• [What the task requires] A picture should never appear in your copy. Transcribe the listing exactly from its first line through the line with "Тедди-медведь с одеялом", both ends included.

• [Data provided]
──────
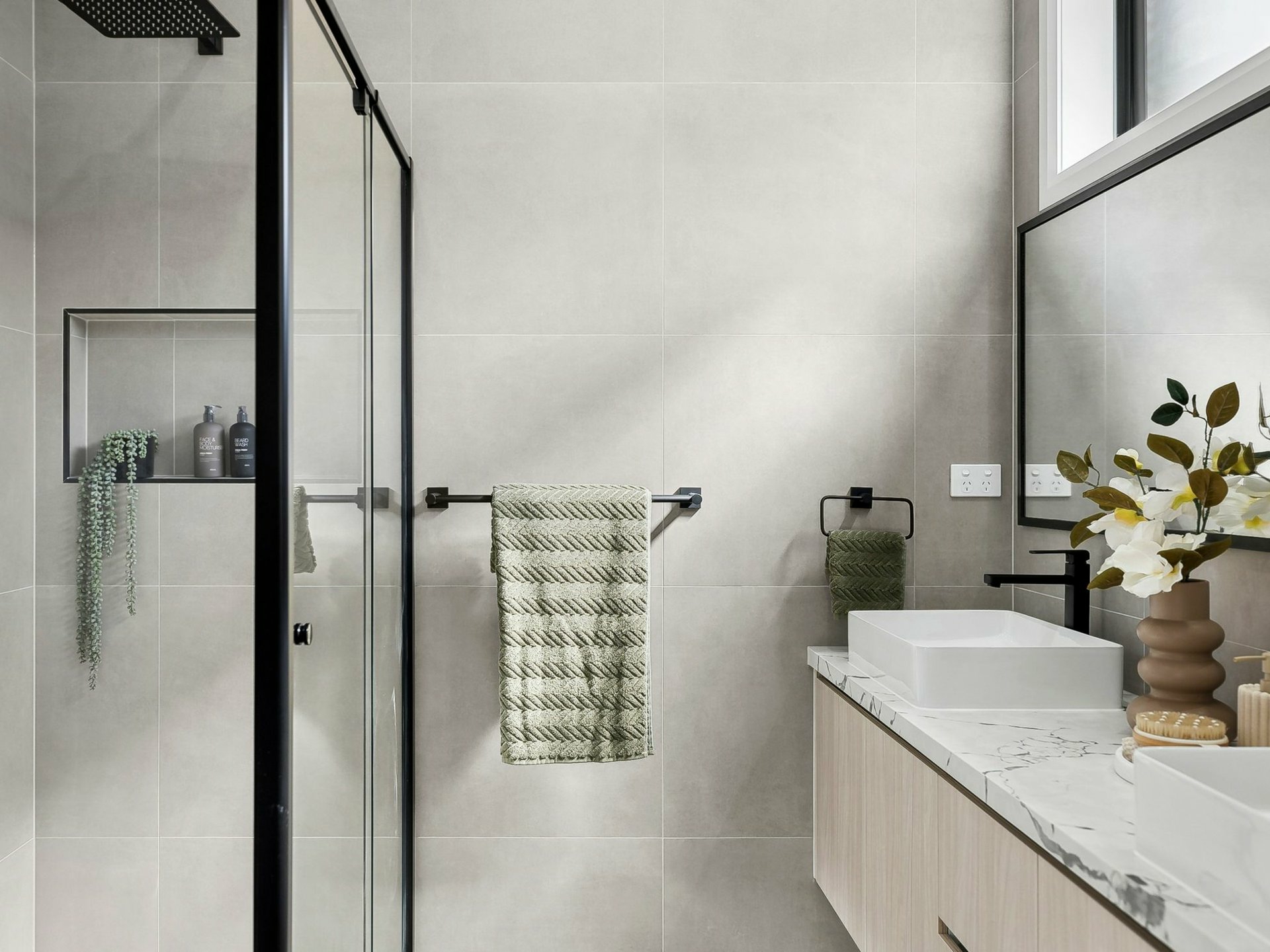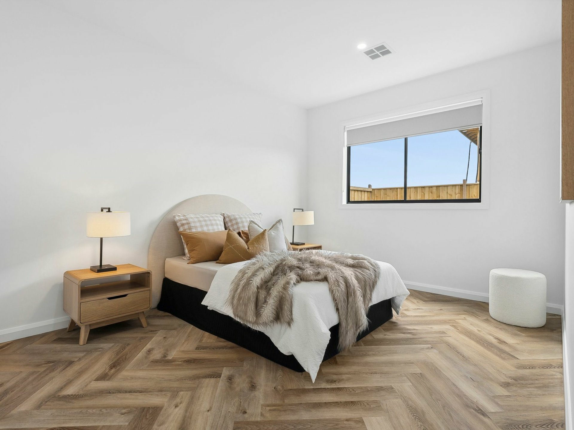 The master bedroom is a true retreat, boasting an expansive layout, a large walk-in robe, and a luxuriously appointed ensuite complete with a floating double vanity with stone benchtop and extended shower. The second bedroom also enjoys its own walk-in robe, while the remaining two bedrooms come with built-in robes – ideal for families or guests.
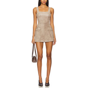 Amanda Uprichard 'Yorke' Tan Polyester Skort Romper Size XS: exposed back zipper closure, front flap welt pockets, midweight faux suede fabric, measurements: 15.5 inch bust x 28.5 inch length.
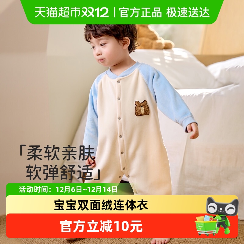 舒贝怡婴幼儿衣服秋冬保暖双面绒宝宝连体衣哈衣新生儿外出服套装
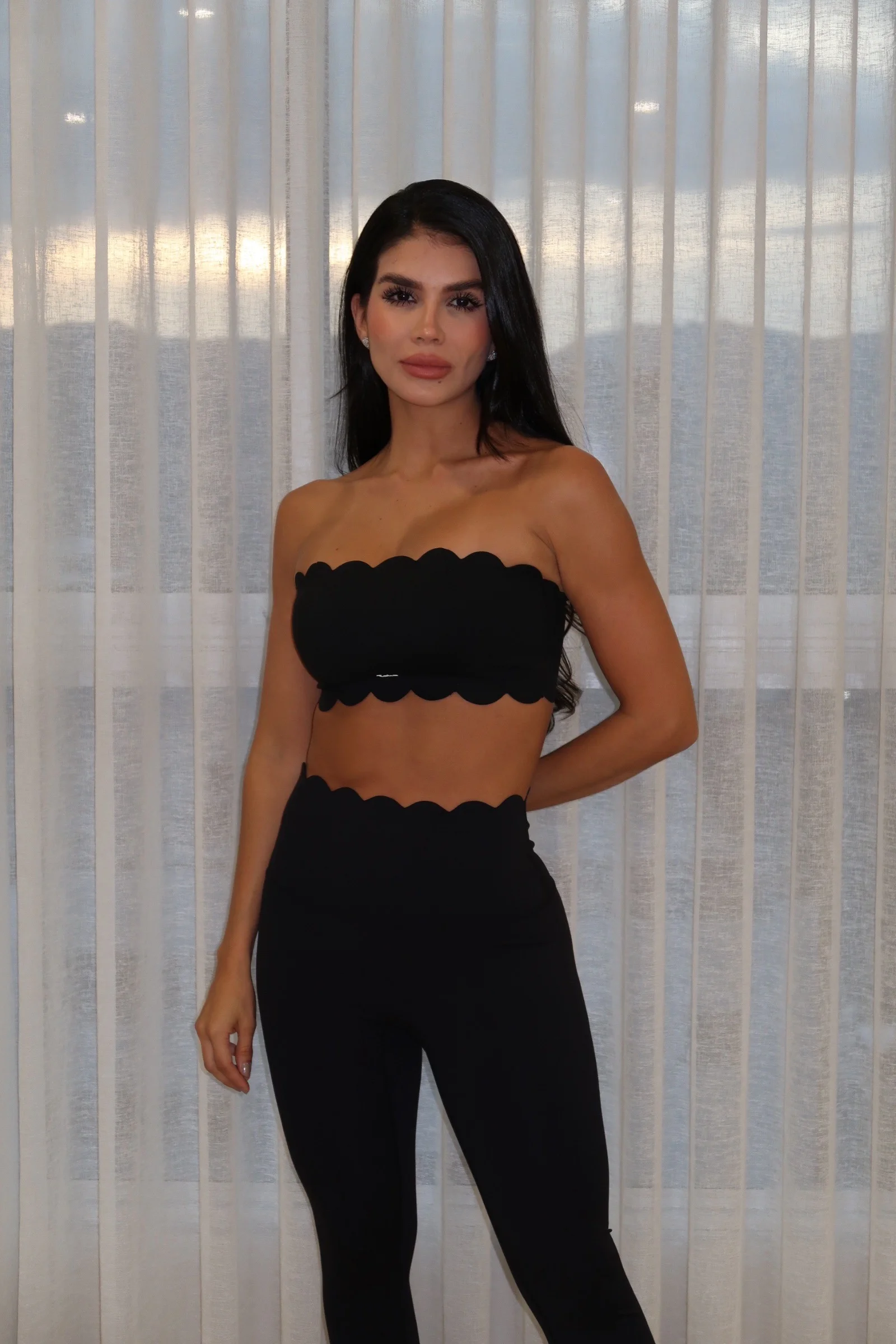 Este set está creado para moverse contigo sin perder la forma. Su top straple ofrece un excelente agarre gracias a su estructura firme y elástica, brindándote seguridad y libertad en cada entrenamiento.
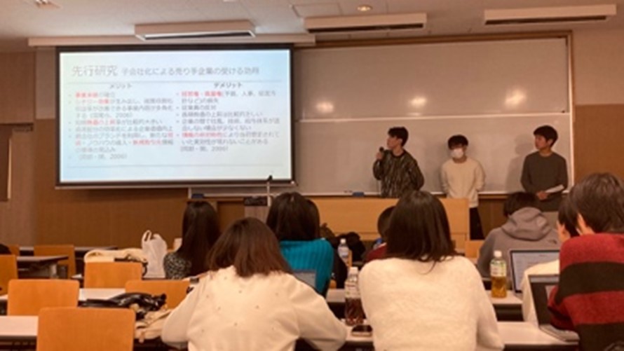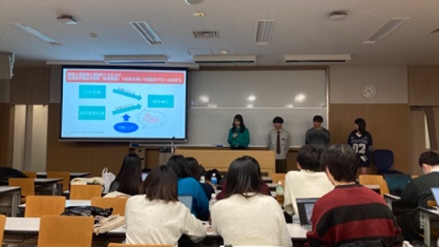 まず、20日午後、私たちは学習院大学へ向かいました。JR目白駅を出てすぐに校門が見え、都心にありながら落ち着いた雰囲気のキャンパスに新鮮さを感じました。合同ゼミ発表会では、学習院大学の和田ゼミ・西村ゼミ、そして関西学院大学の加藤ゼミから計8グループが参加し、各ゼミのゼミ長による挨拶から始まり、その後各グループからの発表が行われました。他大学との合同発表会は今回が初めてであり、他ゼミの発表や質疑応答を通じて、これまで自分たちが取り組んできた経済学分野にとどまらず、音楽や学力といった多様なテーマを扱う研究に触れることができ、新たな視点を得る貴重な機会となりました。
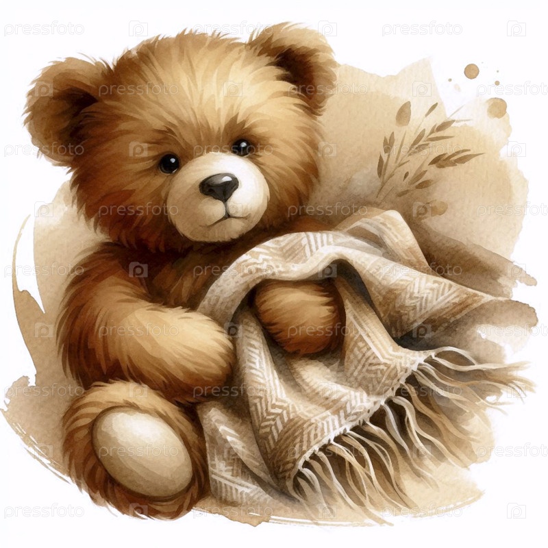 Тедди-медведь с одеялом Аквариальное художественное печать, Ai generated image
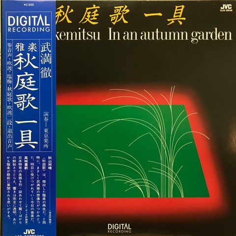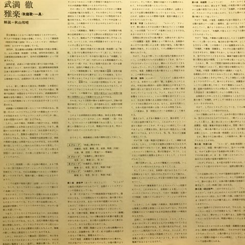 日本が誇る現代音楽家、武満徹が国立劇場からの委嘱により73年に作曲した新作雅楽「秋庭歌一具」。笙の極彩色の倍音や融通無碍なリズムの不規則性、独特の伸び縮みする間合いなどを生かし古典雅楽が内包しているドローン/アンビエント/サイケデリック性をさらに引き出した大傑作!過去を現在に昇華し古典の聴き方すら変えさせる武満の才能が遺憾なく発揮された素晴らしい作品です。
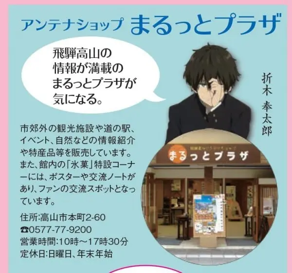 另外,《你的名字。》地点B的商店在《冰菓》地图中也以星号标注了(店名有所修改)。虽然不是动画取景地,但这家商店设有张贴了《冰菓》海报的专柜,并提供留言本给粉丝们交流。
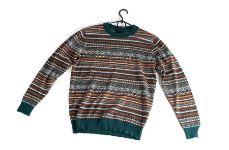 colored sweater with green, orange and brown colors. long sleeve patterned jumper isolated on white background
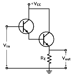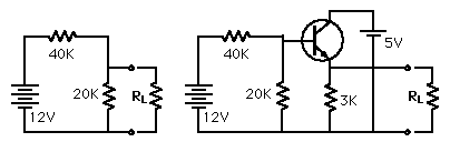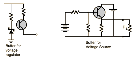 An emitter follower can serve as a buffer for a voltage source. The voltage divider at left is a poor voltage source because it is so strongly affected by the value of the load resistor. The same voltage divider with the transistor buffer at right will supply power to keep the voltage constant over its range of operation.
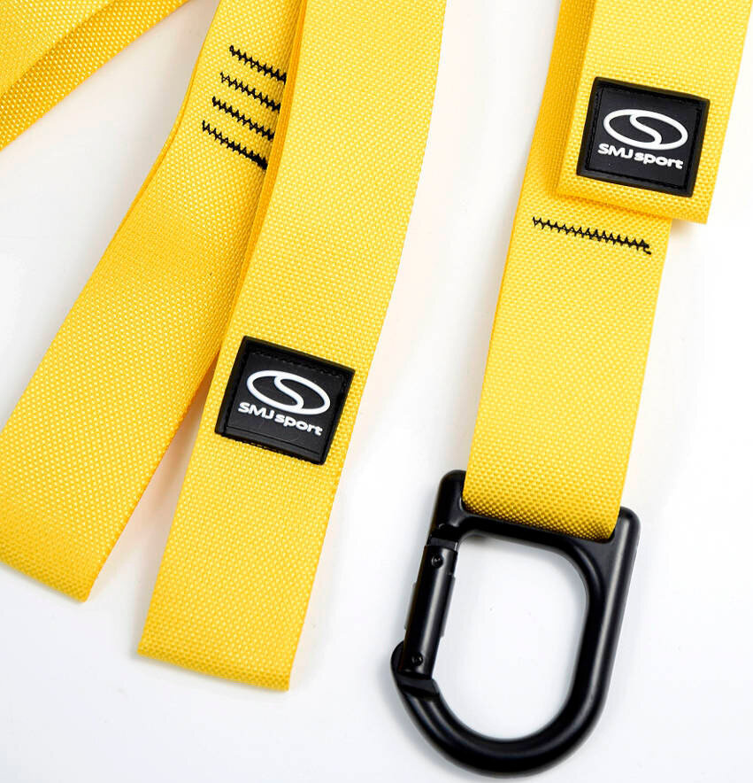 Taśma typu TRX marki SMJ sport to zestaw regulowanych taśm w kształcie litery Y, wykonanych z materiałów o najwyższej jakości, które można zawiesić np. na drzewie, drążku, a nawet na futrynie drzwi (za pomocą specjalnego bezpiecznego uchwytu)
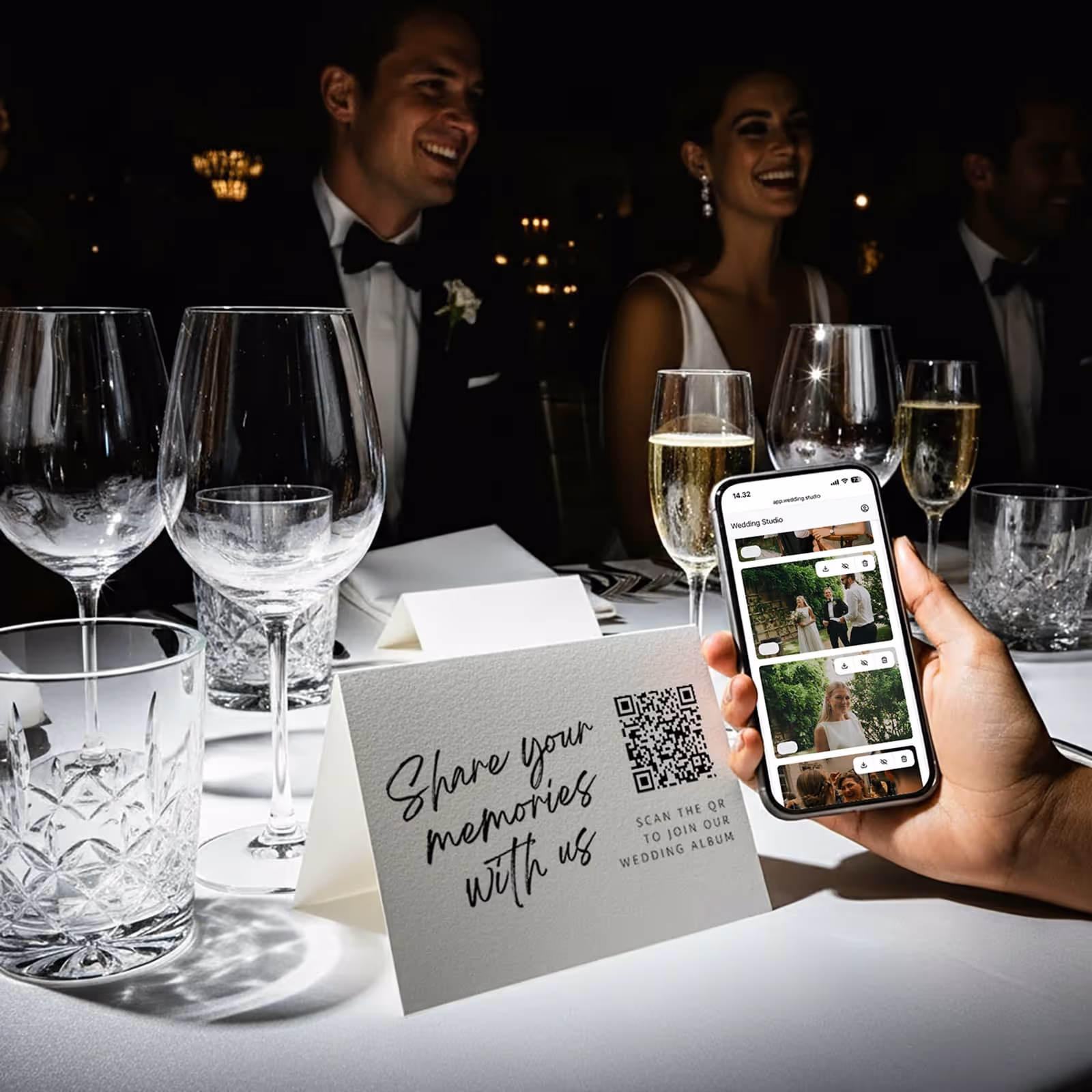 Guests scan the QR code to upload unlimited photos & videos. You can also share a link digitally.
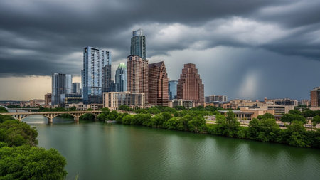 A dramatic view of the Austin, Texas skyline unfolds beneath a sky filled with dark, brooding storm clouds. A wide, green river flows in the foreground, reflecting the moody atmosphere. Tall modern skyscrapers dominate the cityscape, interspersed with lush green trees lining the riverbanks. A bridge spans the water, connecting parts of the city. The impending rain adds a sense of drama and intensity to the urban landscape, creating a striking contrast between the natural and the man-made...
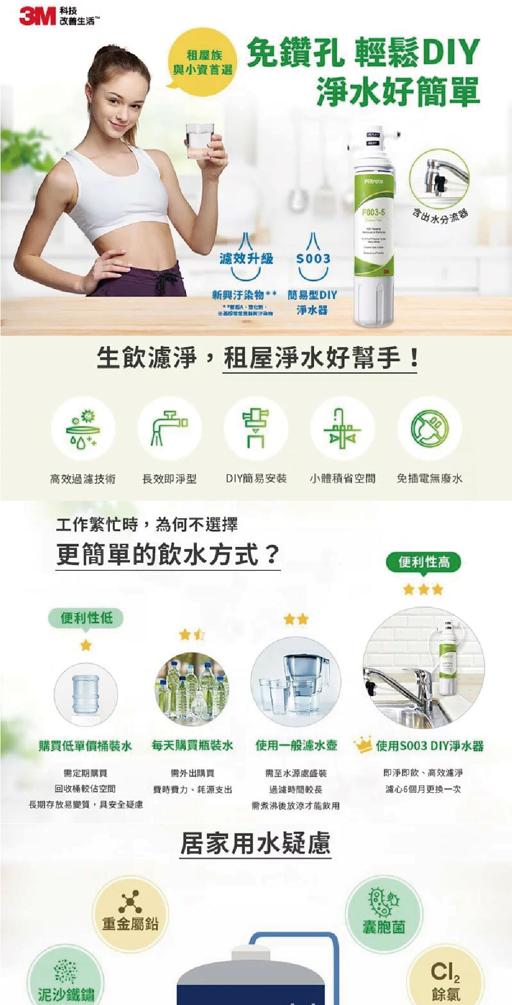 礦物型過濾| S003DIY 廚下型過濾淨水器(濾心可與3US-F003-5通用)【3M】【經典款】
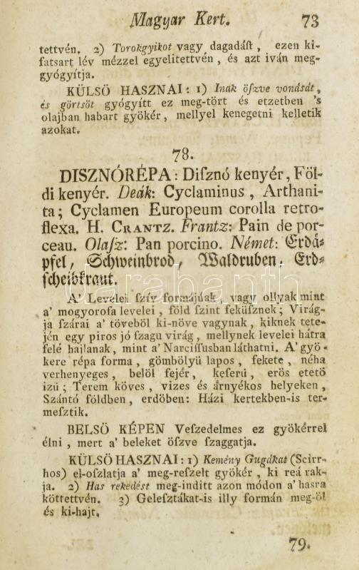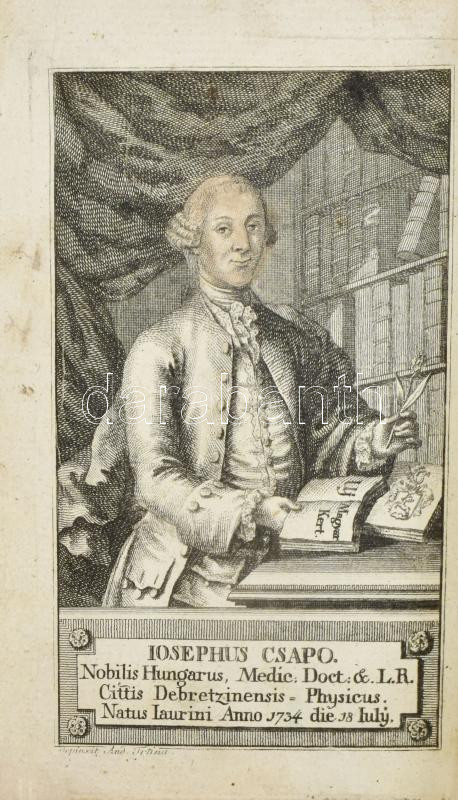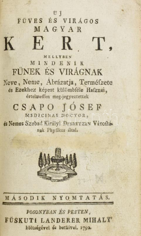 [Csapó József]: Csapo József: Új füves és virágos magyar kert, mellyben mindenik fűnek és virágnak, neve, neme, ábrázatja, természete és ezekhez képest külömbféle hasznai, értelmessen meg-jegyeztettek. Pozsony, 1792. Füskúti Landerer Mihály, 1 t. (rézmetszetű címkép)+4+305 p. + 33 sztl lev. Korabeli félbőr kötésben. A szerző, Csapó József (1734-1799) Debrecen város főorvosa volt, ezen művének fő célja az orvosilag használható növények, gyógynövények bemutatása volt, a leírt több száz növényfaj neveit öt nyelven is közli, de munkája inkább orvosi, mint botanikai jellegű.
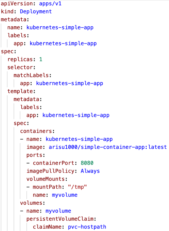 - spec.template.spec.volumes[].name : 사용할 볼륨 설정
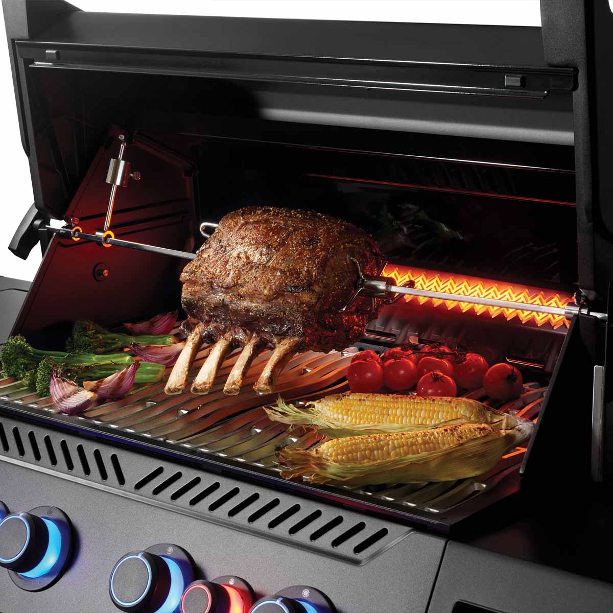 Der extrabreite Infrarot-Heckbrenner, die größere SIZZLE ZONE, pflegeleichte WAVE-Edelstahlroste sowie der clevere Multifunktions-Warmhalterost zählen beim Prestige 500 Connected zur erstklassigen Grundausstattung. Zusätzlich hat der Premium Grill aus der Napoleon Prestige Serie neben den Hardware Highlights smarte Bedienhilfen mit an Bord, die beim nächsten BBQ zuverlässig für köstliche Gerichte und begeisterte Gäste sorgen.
──────
• [Your solution]
 The master bedroom is a true retreat, boasting an expansive layout, a large walk-in robe, and a luxuriously appointed ensuite complete with a floating double vanity with stone benchtop and extended shower. The second bedroom also enjoys its own walk-in robe, while the remaining two bedrooms come with built-in robes – ideal for families or guests.
 Amanda Uprichard 'Yorke' Tan Polyester Skort Romper Size XS: exposed back zipper closure, front flap welt pockets, midweight faux suede fabric, measurements: 15.5 inch bust x 28.5 inch length.
 舒贝怡婴幼儿衣服秋冬保暖双面绒宝宝连体衣哈衣新生儿外出服套装
 Este set está creado para moverse contigo sin perder la forma. Su top straple ofrece un excelente agarre gracias a su estructura firme y elástica, brindándote seguridad y libertad en cada entrenamiento.
 まず、20日午後、私たちは学習院大学へ向かいました。JR目白駅を出てすぐに校門が見え、都心にありながら落ち着いた雰囲気のキャンパスに新鮮さを感じました。合同ゼミ発表会では、学習院大学の和田ゼミ・西村ゼミ、そして関西学院大学の加藤ゼミから計8グループが参加し、各ゼミのゼミ長による挨拶から始まり、その後各グループからの発表が行われました。他大学との合同発表会は今回が初めてであり、他ゼミの発表や質疑応答を通じて、これまで自分たちが取り組んできた経済学分野にとどまらず、音楽や学力といった多様なテーマを扱う研究に触れることができ、新たな視点を得る貴重な機会となりました。
 Тедди-медведь с одеялом Аквариальное художественное печать, Ai generated image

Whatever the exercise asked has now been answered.